# Quantum harmonic oscillator 1d

Ok, so im trying understand how to derive the following version of the Schrodinger Equation for QHO:

$$\frac{d^2u}{dz^2} + (2\epsilon-z^2)u=0$$

where

$$\ 1. z=(\frac{m\omega}{hbar})^{1/2}x$$ and

$$\ 2. \epsilon= \frac{E}{hbar\omega}$$

I've started with the TISE, used a potential of V(x)=1/2mw^2x^2, and with a little rearranging have the following:

$$\ 3. \frac{d^2u}{dx^2} + \frac{2mE}{hbar^2}u - \frac{m^2\omega^2x^2}{hbar^2}u = 0$$

Using equation 1 we have:

$$\ 4. \frac{d^2u}{dx^2} = \frac{m\omega}{hbar}\frac{d^2u}{dz^2}$$

and

$$\ 5.x^2=\frac{hbar}{m\omega}z^2$$

Plugging 4 and 5 into equation 3 and rearranging gives the required answer.

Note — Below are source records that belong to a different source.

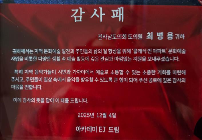 [뉴스스텝] 전라남도의회 최병용 의원(여수5, 더불어민주당)이 지역 문화예술 발전과 주민 삶의 질 향상에 기여한 공로를 인정받아 지난 4일 지역 예술교육 기관인 ‘아카데미 EJ(대표 이은주)’로부터 감사패를 수상했다.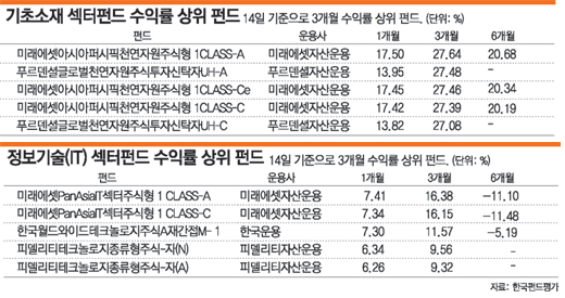 15일 한국펀드평가에 따르면 14일 기준으로 전체 섹터 주식펀드의 최근 3개월 평균 수익률은 8.12%. 이에 비해 같은 기간 기초소재섹터 펀드는 16.47%, IT섹터 펀드는 16.29%로 상대적으로 높은 수익률을 보였다.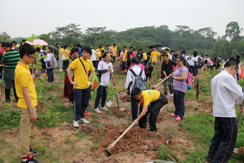 科普讲堂上,邹丽娟老师主讲的《华南地区濒危植物》科普知识讲座带领大家一同领略那少为人知的濒危植物世界,分析其中的濒危原因及保护价值,从现有的濒危植物引种回归的方法和技术出发,商讨制定切实可行的保护措施。随后的系列生态科普互动体验中,穗港学生一一配对,共同完成了林中寻宝、叶片宝贝形态甄别、专类园大揭秘等科普活动项目。在科普辅导员的生动讲解中,同学们在温室群景区进行“世界植物大课堂”的学习。最后,伴着蒙蒙小雨,同学们集体动手植树,合力种下了“穗港生态考察之旅”的友好林,为此次生态考察之旅画下了完美句号。

I can follow all of the steps, but get stuck on how to acquire the equation 4. Any help would be much appreciated.

SpectraCat
Ok, so im trying understand how to derive the following version of the Schrodinger Equation for QHO:

$$\frac{d^2u}{dz^2} + (2\epsilon-z^2)u=0$$

where

$$\ 1. z=(\frac{m\omega}{hbar})^{1/2}x$$ and

$$\ 2. \epsilon= \frac{E}{hbar\omega}$$

I've started with the TISE, used a potential of V(x)=1/2mw^2x^2, and with a little rearranging have the following:

$$\ 3. \frac{d^2u}{dx^2} + \frac{2mE}{hbar^2}u - \frac{m^2\omega^2x^2}{hbar^2}u = 0$$

Using equation 1 we have:

$$\ 4. \frac{d^2u}{dx^2} = \frac{m\omega}{hbar}\frac{d^2u}{dz^2}$$

and

$$\ 5.x^2=\frac{hbar}{m\omega}z^2$$

Plugging 4 and 5 into equation 3 and rearranging gives the required answer.

I can follow all of the steps, but get stuck on how to acquire the equation 4. Any help would be much appreciated.

Chain rule for derivatives: for f(v) and v(y), df/dy=(df/dv)(dv/dy) (the variables have been renamed to protect the innocent ).

Is that enough of a hint, or do you need more help?